Solamente aquel que mantiene la fe y una buena conciencia (véase 1 Timoteo 1:19) puede hablar así. En esto no hay ningún elogio para sí mismo; pero, como el Señor lo dijo: “El que practica la verdad viene a la luz, para que sea manifiesto que sus obras son hechas en Dios” (Juan 3:21).

¡Cuán deseable es esta proximidad al Señor! Aun cuando, en la práctica, nadie puede compararse con el apóstol, el camino de su vida de fe es un ejemplo para cada uno de nosotros.

Pero Pablo no mira solamente hacia adelante; evoca también sus recuerdos. Entonces aparece ante él la imagen de Prisca y Aquila. Su hospitalidad y colaboración fueron eficaces para él desde el comienzo de su servicio en Corinto, de inestimable valor. Habían trabajado juntos haciendo tiendas, y en el Evangelio. Los dos lo habían seguido de Corinto a Éfeso, habían permanecido allí y trabajado en la obra del Señor (Hechos 18:3, 18-19). Después de un tiempo de actividad en Roma, volvieron otra vez a la región de Asia Menor. Su devoción fue tan grande que habían expuesto su vida por el apóstol (Romanos 16:4). Vivir juntos tales experiencias tejen lazos profundos, que son un motivo de agradecimiento al Señor y que reconfortan el corazón en las horas más difíciles. “Saluda a Prisca y a Aquila” le escribe a Timoteo (2 Timoteo 4:19).

Había todavía en Roma creyentes que sobrevivieron a la terrible persecución desatada por el emperador Nerón. Algunos de ellos eran conocidos por Timoteo y lo saludaban: Eubulo, Pudente, Lino y Claudia. No sabemos quienes eran, pero podemos pensar que fueron un aliento para el apóstol.

Sobre todo, una cosa le quedaba: la presencia del Señor. Si bien todos los que habrían debido asistirlo durante su juicio lo desampararon —y esto él lo sentía con mucho dolor—, pudo, sin embargo, decir: “El Señor estuvo a mi lado, y me dio fuerzas” (v. 16-17).

Era el mismo Señor que se le había aparecido en Corinto, en casa de Prisca y Aquila, y le había dicho: “No temas, sino habla, y no calles; porque yo estoy contigo” (Hechos 18:9-10).

En ese tiempo, Pablo entraba como artesano en esa ciudad presuntuosa, y tenía gran necesidad de ser alentado. Ahora también, la predicación había sido “cumplida” por el fiel siervo y “todos los gentiles” la oyeron. Ésta había sido en todo tiempo su principal preocupación, y sólo después habla de sus circunstancias personales: “Así fui librado de la boca del león” (2 Timoteo 4:17).

No es extraño que encarezca solemnemente a Timoteo: “Que prediques la palabra” —haz valer esta Palabra con insistencia— “a tiempo y fuera de tiempo” (v. 1-2). ¡Qué exhortación para nosotros igualmente!

En cuanto a lo que estaba delante de él, el apóstol podía decir con certeza: “El Señor me librará de toda obra mala, y me preservará para su reino celestial” (v. 18). Nuevamente eleva su mirada por encima de los peligros inminentes, hacia el día de la aparición de Cristo. No sabía con qué “obra mala” los hombres lo afligirían todavía, pero podía tener confianza en la liberación del Señor. Conocía a Dios como aquel “que resucita a los muertos” y, por consecuencia, como aquel que nada le puede impedir socorrer a sus hijos a través de todas las dificultades del camino (véase Corintios 1:9-10).

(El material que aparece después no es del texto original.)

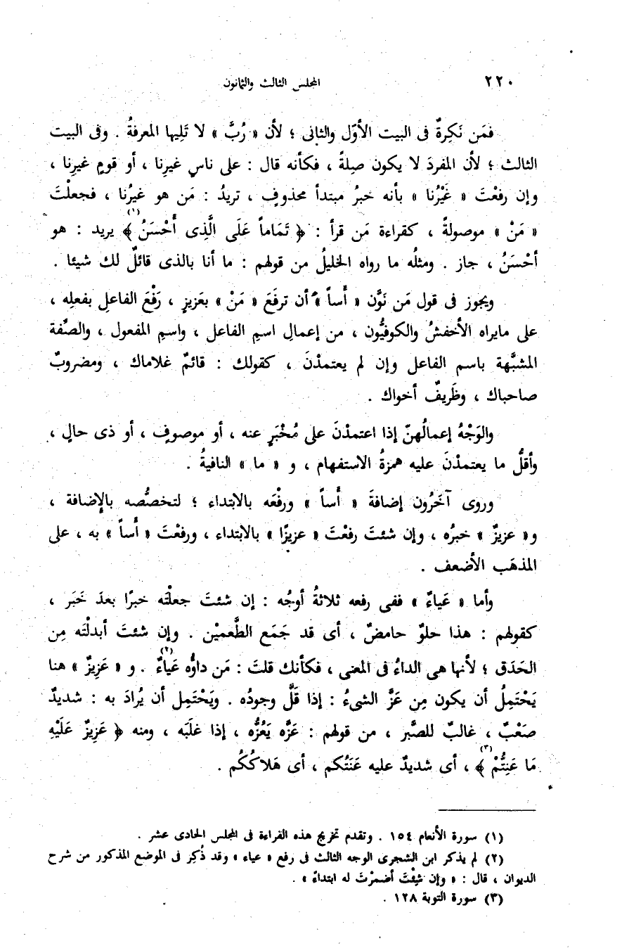 (¬1) سورة الأنعام 154. وتقدم تخريج هذه القراءة فى المجلس الحادى عشر.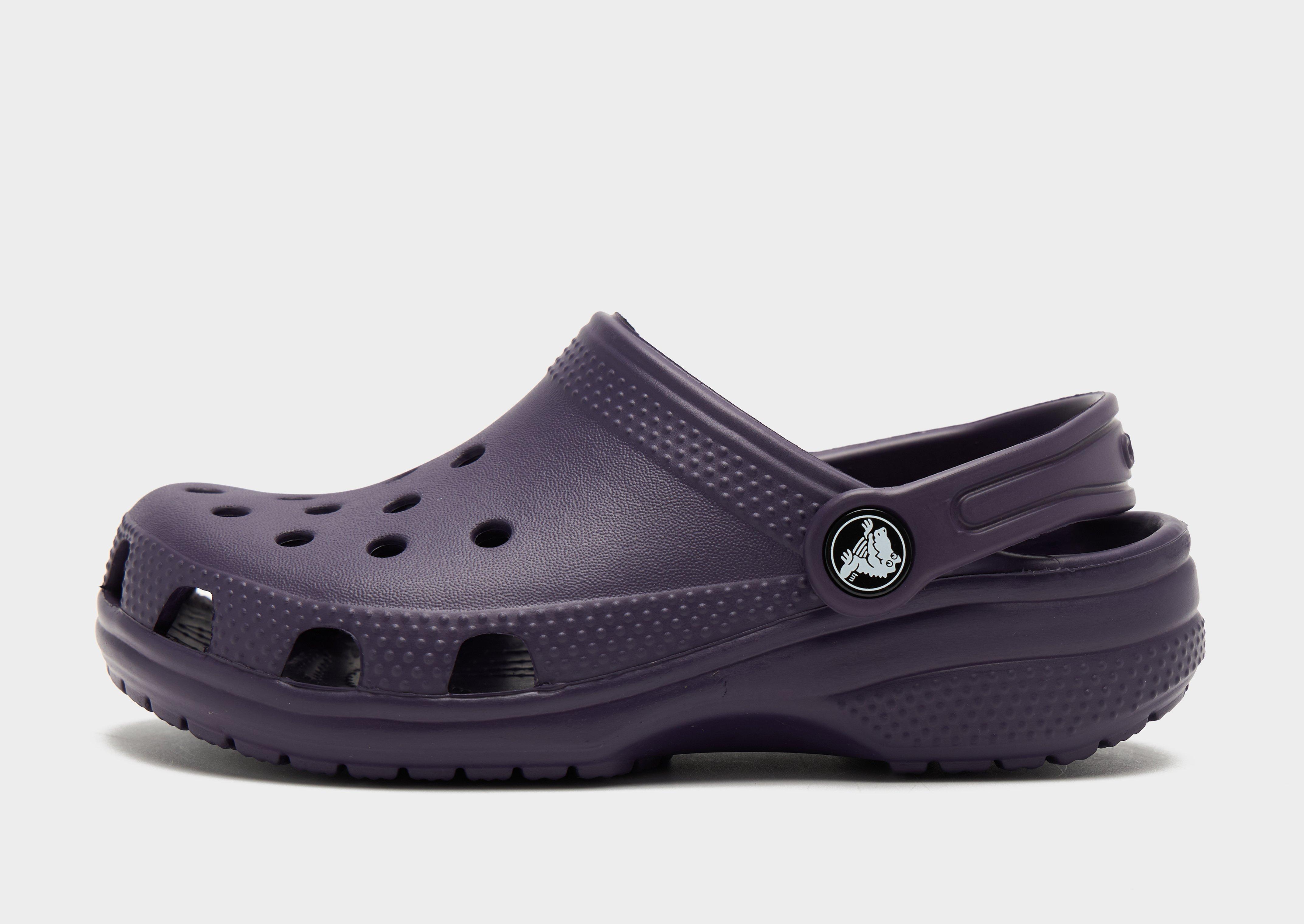 Add an iconic look to your footwear rotation with these children's Classic Clogs from Crocs. In a Dark Iris Purple colourway, these clogs have a lightweight Croslite upper that has ventilation ports for breathability. They feature a soft footbed that offers responsive cushioning with every step, while the outsole keeps you gripped to the surface. Comfortable, simple, these clogs are easy to wear - just slip on and get going! Wear them around the house, to the shops, and pull the heel strap down to lock in. Style Code: 206991-5AS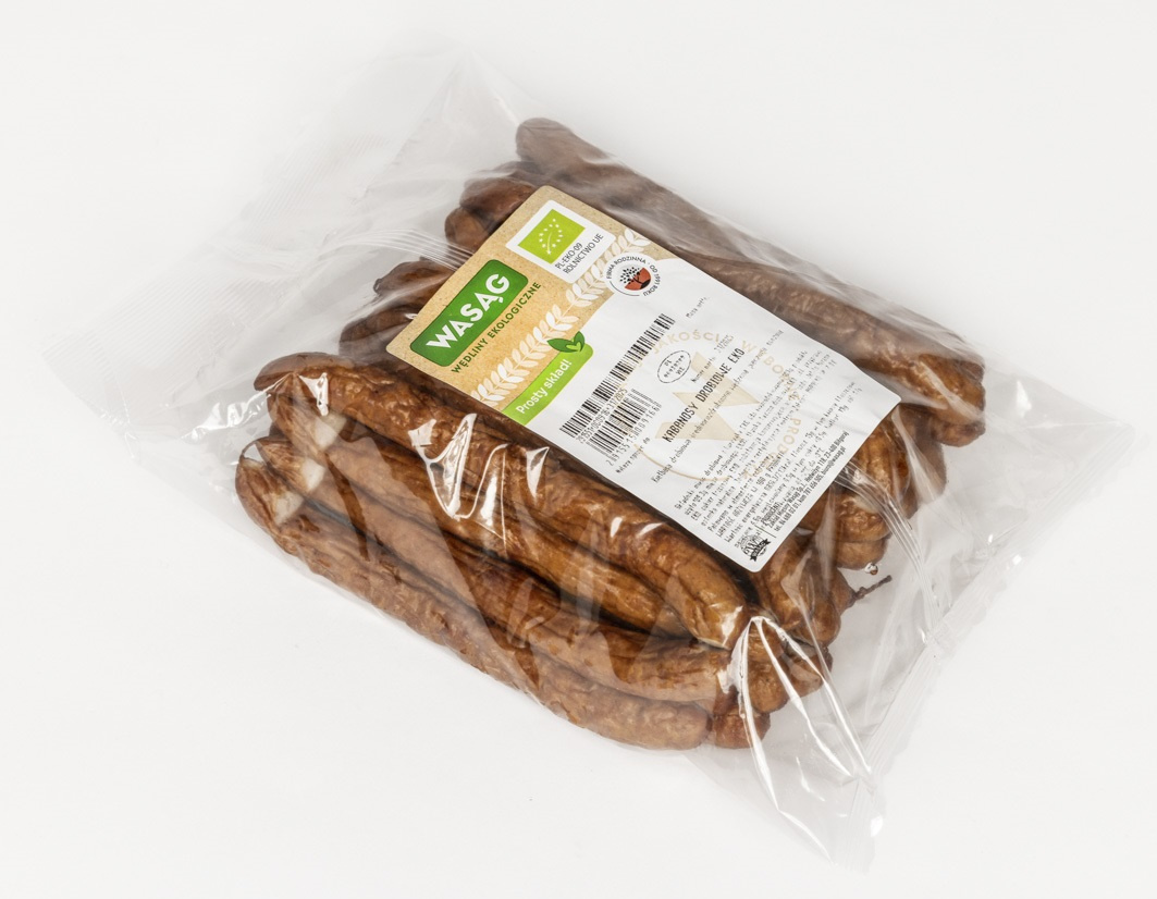 Kiełbaski grubo rozdrobnione, wędzone, pieczone, suszone, produkowane z mięsa drobiowego z dodatkiem naturalnych przypraw.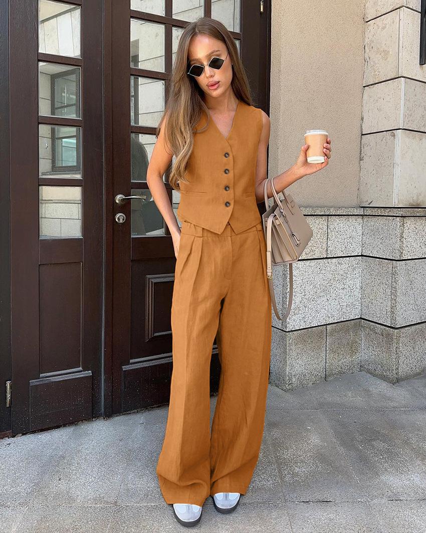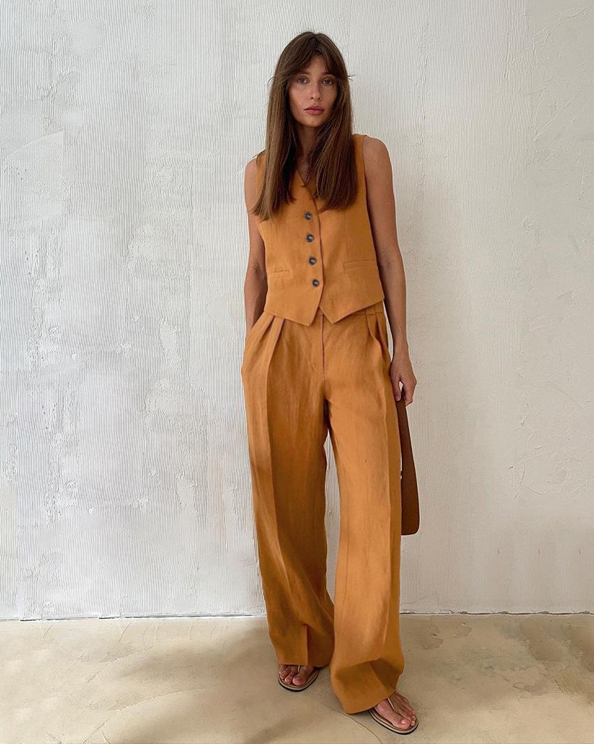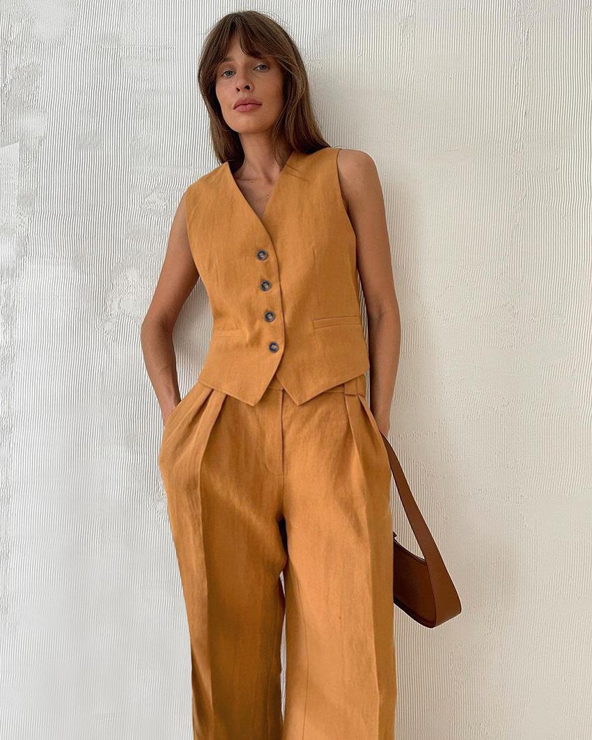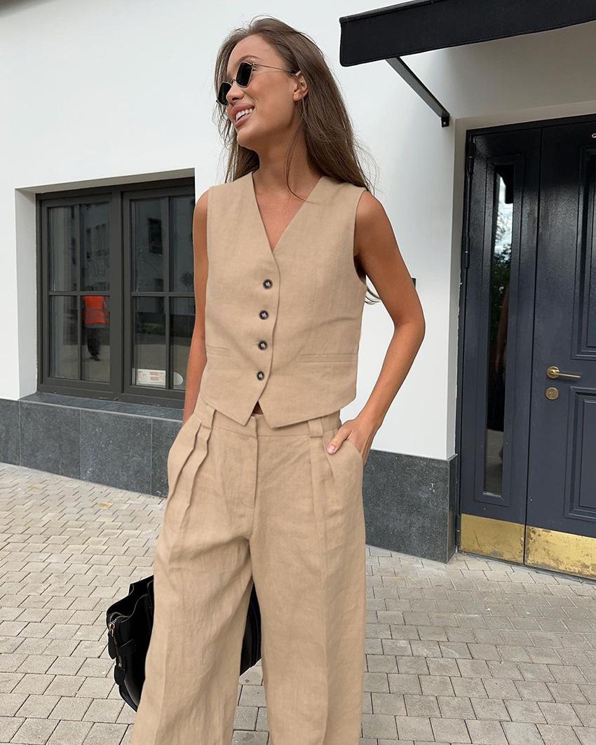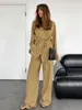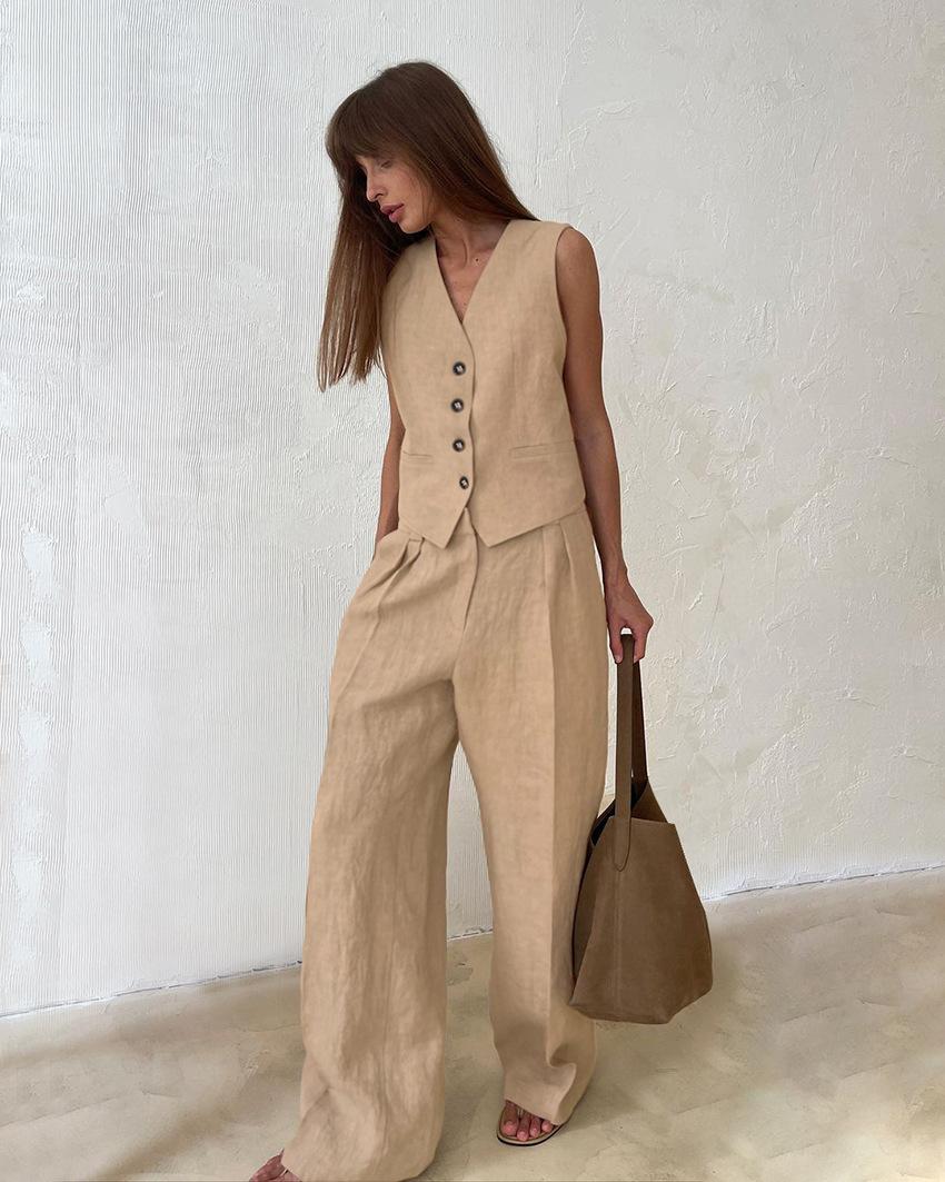 Traje Caqui Europeo y Americano para Viajero Pantalón Chaleco Conjunto de Dos Piezas Ropa de Mujer Moda Otoño 2025 Traje de Algodón y Lino al por Mayor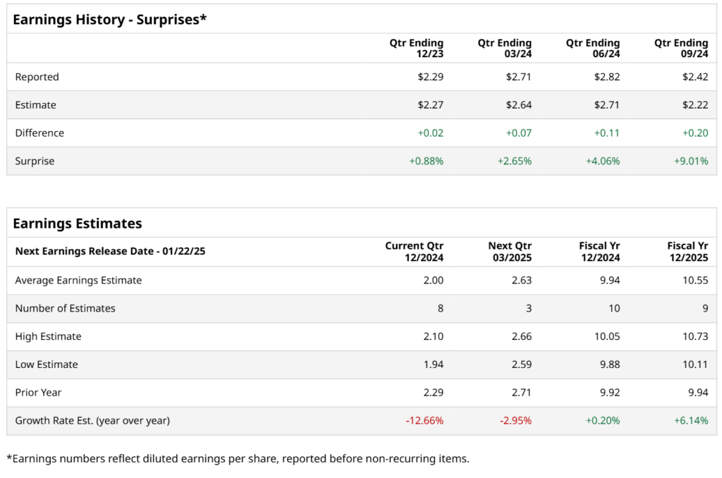 Valued at a market cap of $348.2 billion, Johnson & Johnson (JNJ) researches, develops, manufactures, and sells various products in the healthcare field and operates through pharmaceuticals, medical devices, and consumer products divisions. The New Brunswick, New Jersey-based company has one of the largest research and development (R&D) budgets among pharma companies. It is scheduled to announce its fiscal Q4 earnings results before the market opens on Wednesday, Jan. 22.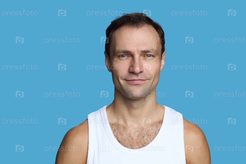 Портрет молодого взрослого мужчины, улыбающегося на синем фоне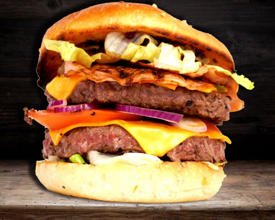 Pain atisanal Pierre BOUR, 2 steack 150 gr de bœuf france, 2 tranches de cheddar affiné, Bacon, sauce BBQ, salade iceberg, tomate fraîche, oignons frais, cornichons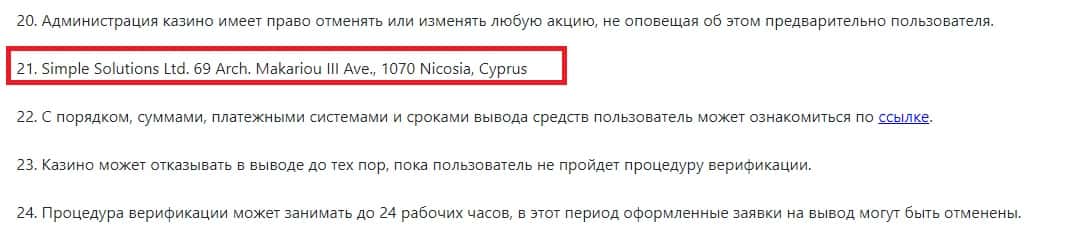 Чтобы не подвергать себя риску, мошенники Марвел Казино решили зарегистрироваться в оффшорной зоне, на Кипре в Никосии.

Aunque vivimos circunstancias muy distintas de las de Pablo, las decepciones e incertidumbres del futuro generan a veces en nosotros el ardiente deseo de ser reconfortados y sentir un cálido afecto en el corazón. Entonces, sigamos el ejemplo del gran apóstol y elevemos nuestros ojos por encima de las dificultades inminentes hacia “aquel día”: día en el cual cada “buen siervo y fiel” (Mateo 25:21, 23) recibirá la aprobación de su Señor. Y, mientras esperamos, ayudémonos mutualmente, pensando de corazón cada uno por los otros en amor y agradecimiento para gloria del Señor.